窓は熱が逃げる場所
ここまでの断熱性能は断熱材を中心にお話ししてきましたが、ここでは住宅の断熱性能に大きく影響する窓の話をしたいと思います。
まず窓の断熱性能を確認してみましょう。
断熱材は熱伝導率で断熱性能を比較しましたが、窓は熱貫流率(U値)で比較します。
窓は仕様によって断熱性能が異なります。
代表的な仕様の熱貫流率は以下の通りです。
単板の熱貫流率 6.51 W/㎡K
複層の熱貫流率 4.07 W/㎡K
もっと性能の高い(熱貫流率が小さい)窓もありますが、寒冷地以外で多く使われているのはこのような性能のものが多いのではないかと思います。
次は窓と断熱材の断熱性能を比較してみましょう。
窓と断熱材を比較するためには断熱材の熱貫流率を計算します。
外壁にグラスウール断熱材16Kを100mm充填したとします。
グラスウール断熱材16Kの熱伝導率は0.045W/mKですから、100mm(0.1m)のときの熱貫流率の計算方法は以下の通りです。

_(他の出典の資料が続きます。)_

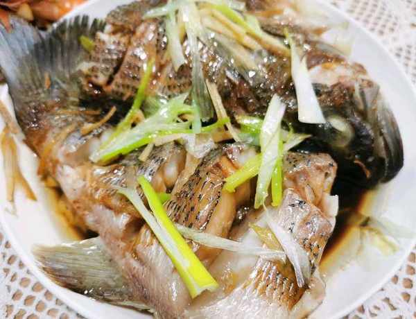 3,魚蒸好之後取出來,把魚身上的蔥薑絲去掉,倒掉盤子裡的湯水,然後淋上一些蒸魚豉油,再回鍋蒸30秒後立刻出鍋出來,接著重新撒上蔥薑絲,再澆一勺熱油就可以上桌瞭。
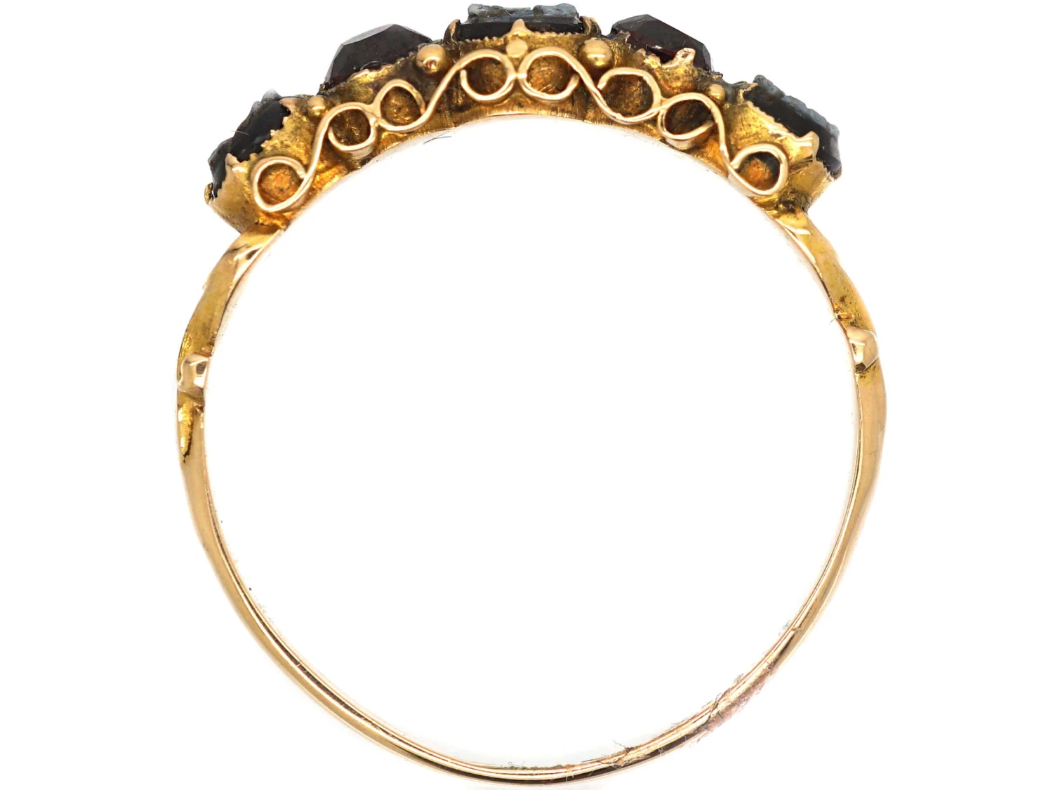 An unusual late Regency ring that was made circa 1830. It is 15ct62.5% pure gold (or 625 parts pure gold and 375 parts other metals). Popular during the Victorian, Edwardian and Art Deco eras but was discontinued in the mid-1930s. gold and has been set with three round carved banded onyxOnyx is an opaque black variety of polycrystalline chalcedony quartz. with flower detail. In between are two garnets that give contrast to the onyx in a Gothic way. The sides have lovely scroll detail that is typical of the period. The shouldersThe point on a ring where the central section meets the shank or band, often carved, decorated or inlaid with small diamond accent stones. have a sweet motif that give the ring a light look. It would make a pretty dress ring
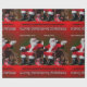 Um papel de embrulho de Natal corrigido sazonalmente com Papais noeis desejando a Jesus um Parabéns.

1 / (0.04 + (0.1 / 0.045) + 0.11) = 0.42W/㎡K
熱貫流率は数値が小さいほど断熱性能が高いことを表します。
複層の窓とグラスウール100mmの断熱性能を比較すると、
4.07 ÷ 0.42 = 9.7
となり、断熱材よりも窓の方が約10倍熱が通しやすいということがわかります。
ちなみに単板の窓ですと約16倍です。
超高性能な窓ですと熱貫流率1切るものもありますが、それでも断熱材よりも2倍くらい熱を通します。(超高性能な窓はコストがかかります)

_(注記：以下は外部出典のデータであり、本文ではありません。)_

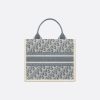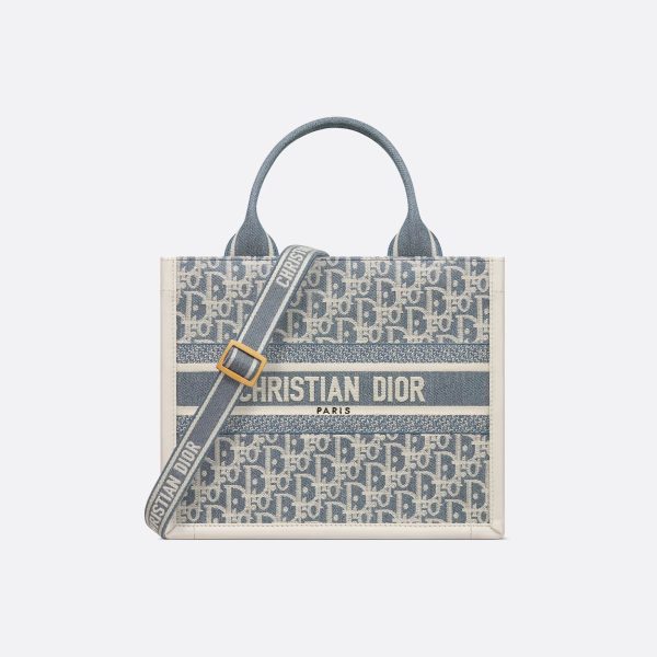 Dior Small Dior Book Tote In Blue Dior Oblique Chambray-Effect Embroidery Canvas and Calfskin Gold Hardware

このように通常の窓は断熱材と比較すると非常に断熱性能が低いことがわかります。
窓は断熱性能が低いため窓からの熱損失の割合は大きくなります。
下記は省エネルギー基準をクリアする住宅で、部位ごとの熱損失の割合を示した円グラフです。
この住宅ではおおよそ熱損失の半分は窓・ドアからとなっています。
この住宅の窓は複層で性能が特別低いというわけではありませんが、それでもこのような結果になってしまいます。

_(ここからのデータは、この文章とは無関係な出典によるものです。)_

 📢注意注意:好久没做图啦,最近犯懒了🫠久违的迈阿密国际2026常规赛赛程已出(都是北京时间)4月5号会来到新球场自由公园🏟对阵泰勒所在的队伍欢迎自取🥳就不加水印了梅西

これは前述したとおり窓が断熱材と比較して断熱性能が低いためです。
このグラフはあくまでも一例ですが、日本の場合このような住宅は珍しくありません。
窓は外壁などに比べると面積は少ないのですが、断熱性能が低いため熱が多く逃げる場所ということを認識しておきましょう。
いくら断熱材を厚くしても、窓から熱が逃げていては意味がありません。